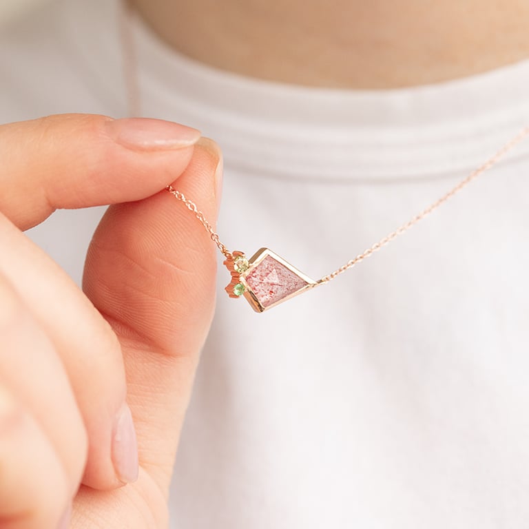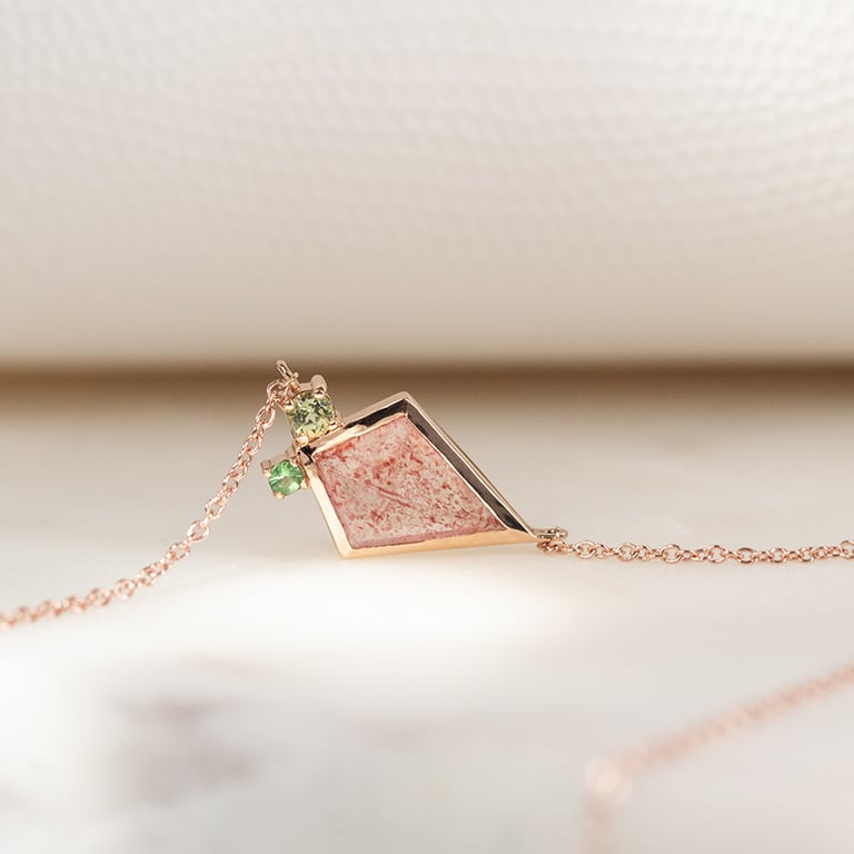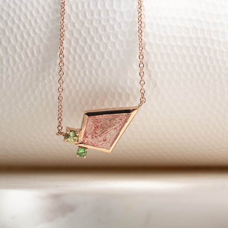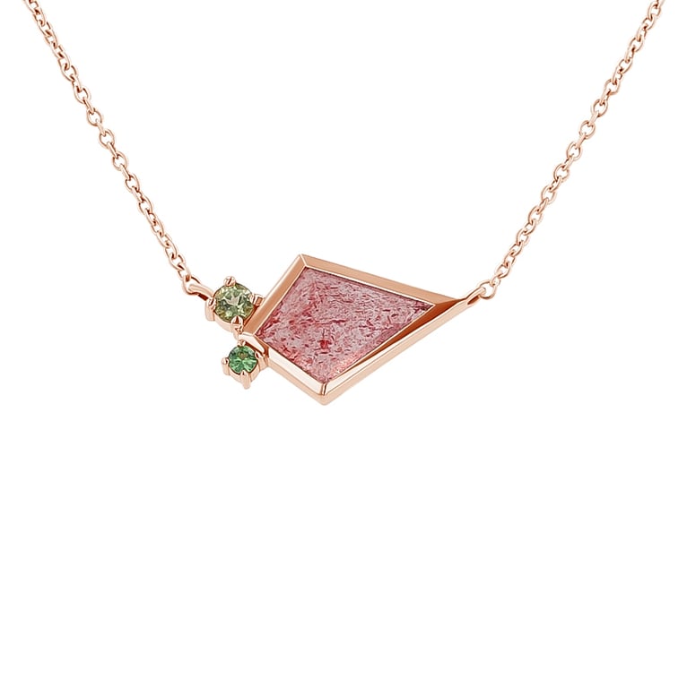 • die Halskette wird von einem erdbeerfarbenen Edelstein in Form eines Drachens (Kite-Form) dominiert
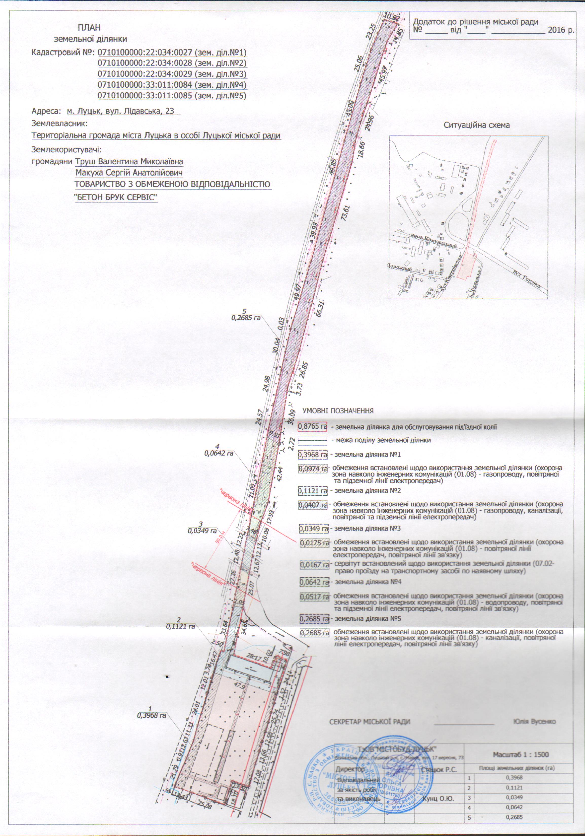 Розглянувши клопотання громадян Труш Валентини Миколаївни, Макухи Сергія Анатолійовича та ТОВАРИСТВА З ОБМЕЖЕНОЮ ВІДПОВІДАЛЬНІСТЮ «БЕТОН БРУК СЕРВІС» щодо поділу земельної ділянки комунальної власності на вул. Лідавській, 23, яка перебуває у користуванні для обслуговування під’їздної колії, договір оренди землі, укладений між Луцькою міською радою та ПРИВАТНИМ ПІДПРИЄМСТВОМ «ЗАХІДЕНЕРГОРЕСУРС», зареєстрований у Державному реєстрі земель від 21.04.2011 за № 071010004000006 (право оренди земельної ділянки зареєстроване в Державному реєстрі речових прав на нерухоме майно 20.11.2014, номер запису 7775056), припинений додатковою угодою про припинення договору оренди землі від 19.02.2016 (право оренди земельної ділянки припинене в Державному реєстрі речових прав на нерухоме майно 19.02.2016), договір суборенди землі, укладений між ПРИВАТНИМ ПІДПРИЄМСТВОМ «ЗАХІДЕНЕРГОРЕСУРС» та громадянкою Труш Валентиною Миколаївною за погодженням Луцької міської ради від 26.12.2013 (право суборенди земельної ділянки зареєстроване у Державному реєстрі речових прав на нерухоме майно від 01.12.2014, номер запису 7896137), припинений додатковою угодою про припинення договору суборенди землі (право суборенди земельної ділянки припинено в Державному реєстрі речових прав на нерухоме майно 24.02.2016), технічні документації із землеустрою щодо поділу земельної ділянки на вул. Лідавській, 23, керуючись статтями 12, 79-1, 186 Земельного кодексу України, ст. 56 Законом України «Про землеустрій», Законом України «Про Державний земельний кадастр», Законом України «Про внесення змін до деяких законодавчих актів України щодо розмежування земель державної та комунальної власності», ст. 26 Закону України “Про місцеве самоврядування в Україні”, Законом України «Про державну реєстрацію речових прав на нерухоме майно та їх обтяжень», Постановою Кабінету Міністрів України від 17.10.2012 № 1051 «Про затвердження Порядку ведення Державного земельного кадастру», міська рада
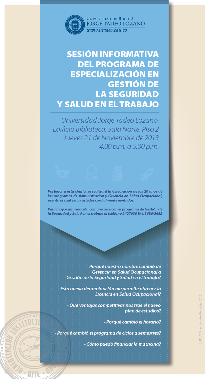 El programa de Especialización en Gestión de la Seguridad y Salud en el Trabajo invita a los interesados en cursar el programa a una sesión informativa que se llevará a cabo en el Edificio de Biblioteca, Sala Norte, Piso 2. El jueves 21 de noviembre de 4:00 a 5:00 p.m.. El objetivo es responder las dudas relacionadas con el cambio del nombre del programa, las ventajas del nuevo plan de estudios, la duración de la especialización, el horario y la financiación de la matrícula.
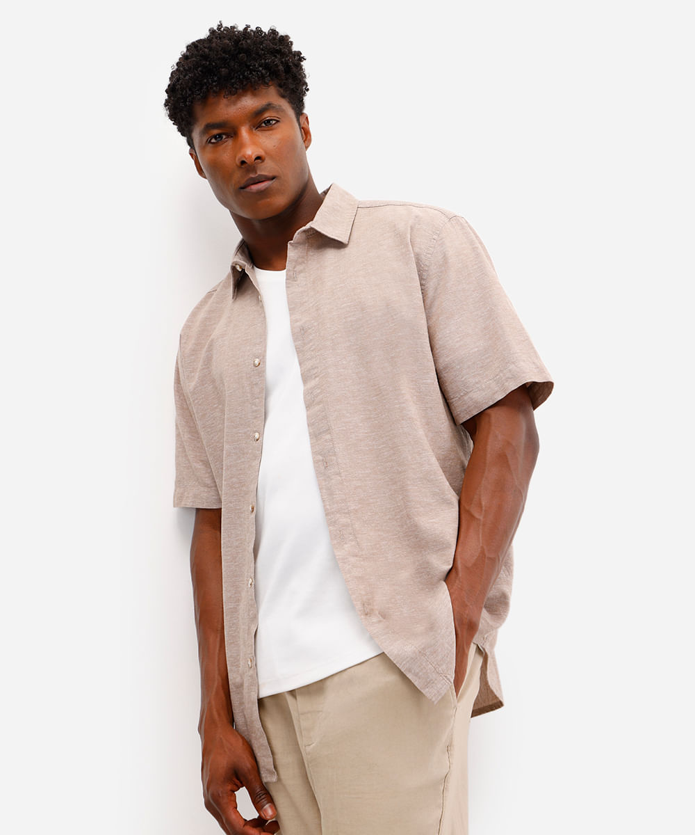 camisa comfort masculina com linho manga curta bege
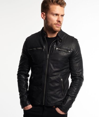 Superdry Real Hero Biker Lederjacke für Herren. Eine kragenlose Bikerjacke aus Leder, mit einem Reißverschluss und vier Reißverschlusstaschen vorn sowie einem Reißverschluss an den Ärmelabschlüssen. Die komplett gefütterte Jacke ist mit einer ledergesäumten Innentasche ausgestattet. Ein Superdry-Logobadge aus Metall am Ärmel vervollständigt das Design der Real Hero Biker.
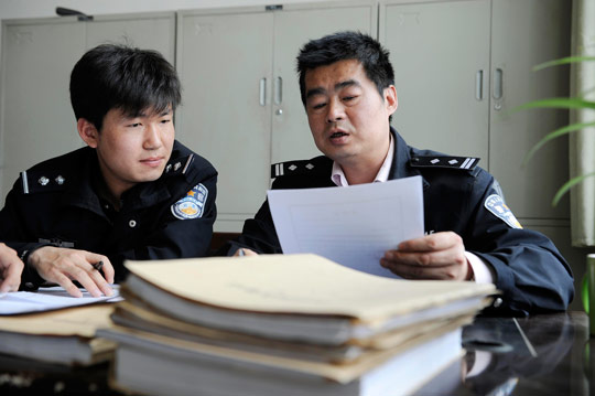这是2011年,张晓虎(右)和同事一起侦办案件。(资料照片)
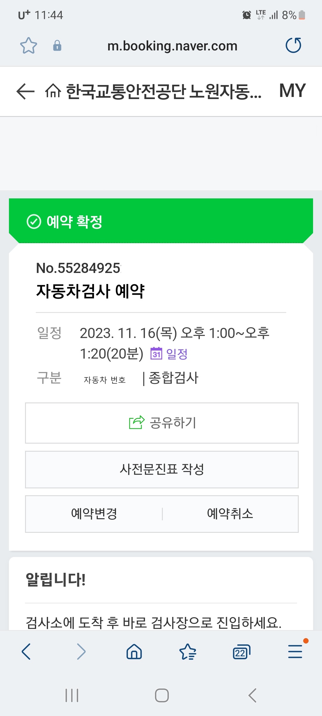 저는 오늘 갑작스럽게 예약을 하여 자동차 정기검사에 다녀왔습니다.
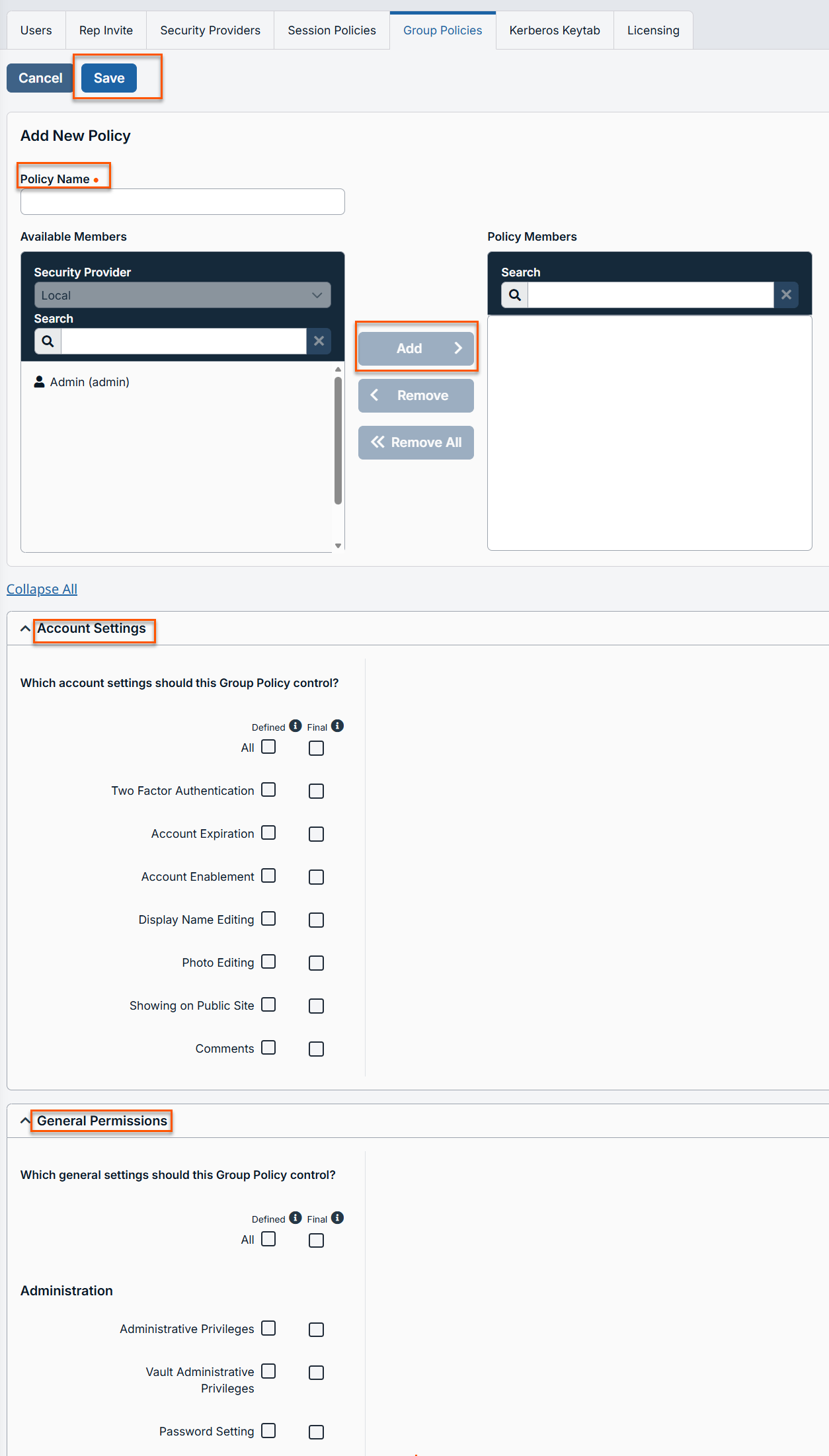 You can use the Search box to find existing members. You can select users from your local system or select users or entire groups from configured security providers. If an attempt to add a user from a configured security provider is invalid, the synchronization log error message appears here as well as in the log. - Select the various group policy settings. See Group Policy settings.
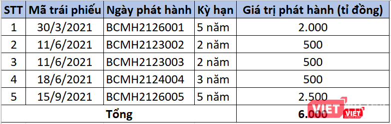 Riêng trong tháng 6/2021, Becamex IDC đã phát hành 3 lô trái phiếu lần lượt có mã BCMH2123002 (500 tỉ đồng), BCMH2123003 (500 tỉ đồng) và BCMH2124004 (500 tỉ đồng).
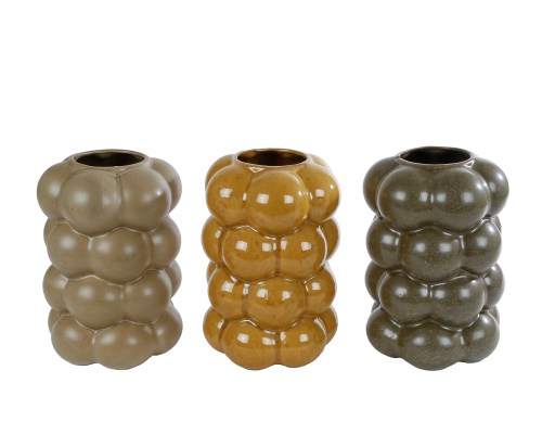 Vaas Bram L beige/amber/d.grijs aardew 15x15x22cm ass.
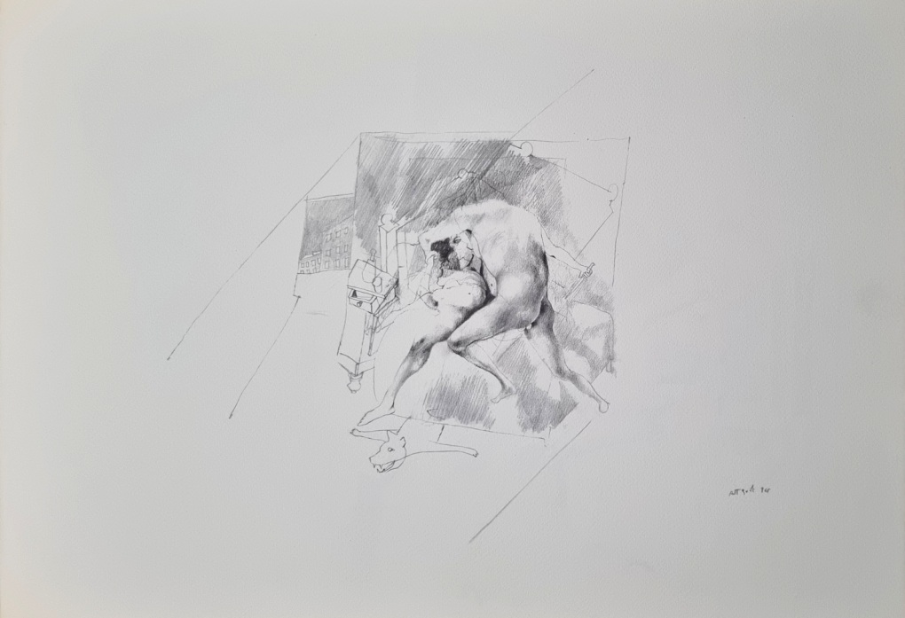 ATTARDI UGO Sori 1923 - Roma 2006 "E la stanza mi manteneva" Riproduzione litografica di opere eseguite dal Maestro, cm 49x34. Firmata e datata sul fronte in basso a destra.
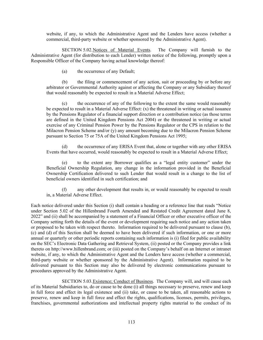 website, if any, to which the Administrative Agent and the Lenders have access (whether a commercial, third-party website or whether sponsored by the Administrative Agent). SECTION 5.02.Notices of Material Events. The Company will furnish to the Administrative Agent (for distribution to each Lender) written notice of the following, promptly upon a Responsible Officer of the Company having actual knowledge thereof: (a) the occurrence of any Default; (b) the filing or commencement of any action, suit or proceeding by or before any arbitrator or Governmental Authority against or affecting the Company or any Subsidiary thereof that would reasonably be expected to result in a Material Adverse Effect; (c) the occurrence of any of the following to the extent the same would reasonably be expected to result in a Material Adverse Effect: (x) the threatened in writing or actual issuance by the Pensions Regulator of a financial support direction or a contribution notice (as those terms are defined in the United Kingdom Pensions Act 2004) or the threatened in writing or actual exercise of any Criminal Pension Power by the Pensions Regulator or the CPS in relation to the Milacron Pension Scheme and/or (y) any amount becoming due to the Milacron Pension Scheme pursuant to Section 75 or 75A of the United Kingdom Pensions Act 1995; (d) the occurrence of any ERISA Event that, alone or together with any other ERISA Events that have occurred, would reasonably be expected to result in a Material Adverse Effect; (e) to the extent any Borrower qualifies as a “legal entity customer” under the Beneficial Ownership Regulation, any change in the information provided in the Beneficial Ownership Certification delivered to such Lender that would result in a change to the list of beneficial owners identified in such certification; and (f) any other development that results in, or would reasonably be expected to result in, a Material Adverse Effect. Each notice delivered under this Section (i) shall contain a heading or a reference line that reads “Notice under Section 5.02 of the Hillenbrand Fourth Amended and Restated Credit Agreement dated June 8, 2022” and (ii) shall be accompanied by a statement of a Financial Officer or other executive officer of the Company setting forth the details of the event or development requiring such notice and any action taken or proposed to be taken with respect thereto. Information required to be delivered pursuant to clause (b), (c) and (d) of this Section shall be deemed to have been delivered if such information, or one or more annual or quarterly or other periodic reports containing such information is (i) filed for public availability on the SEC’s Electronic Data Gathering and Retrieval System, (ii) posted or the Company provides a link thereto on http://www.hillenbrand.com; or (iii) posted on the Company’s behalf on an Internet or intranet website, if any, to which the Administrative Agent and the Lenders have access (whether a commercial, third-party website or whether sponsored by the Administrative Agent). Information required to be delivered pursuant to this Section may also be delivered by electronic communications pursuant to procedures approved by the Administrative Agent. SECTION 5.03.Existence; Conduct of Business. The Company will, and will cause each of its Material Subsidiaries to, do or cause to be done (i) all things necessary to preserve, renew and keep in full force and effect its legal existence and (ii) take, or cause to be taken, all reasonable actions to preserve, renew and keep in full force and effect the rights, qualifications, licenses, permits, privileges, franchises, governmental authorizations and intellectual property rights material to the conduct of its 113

○ ○ ○ ○ ○

* PROBLEM REQUIREMENTS
Reproduce the listing above only between the lines holding "Riêng trong tháng" and "ATTARDI UGO Sori", inclusive. Every line must match exactly, and pictures are dropped.

* FINISHED EXERCISE
 Riêng trong tháng 6/2021, Becamex IDC đã phát hành 3 lô trái phiếu lần lượt có mã BCMH2123002 (500 tỉ đồng), BCMH2123003 (500 tỉ đồng) và BCMH2124004 (500 tỉ đồng).
 Vaas Bram L beige/amber/d.grijs aardew 15x15x22cm ass.
 ATTARDI UGO Sori 1923 - Roma 2006 "E la stanza mi manteneva" Riproduzione litografica di opere eseguite dal Maestro, cm 49x34. Firmata e datata sul fronte in basso a destra.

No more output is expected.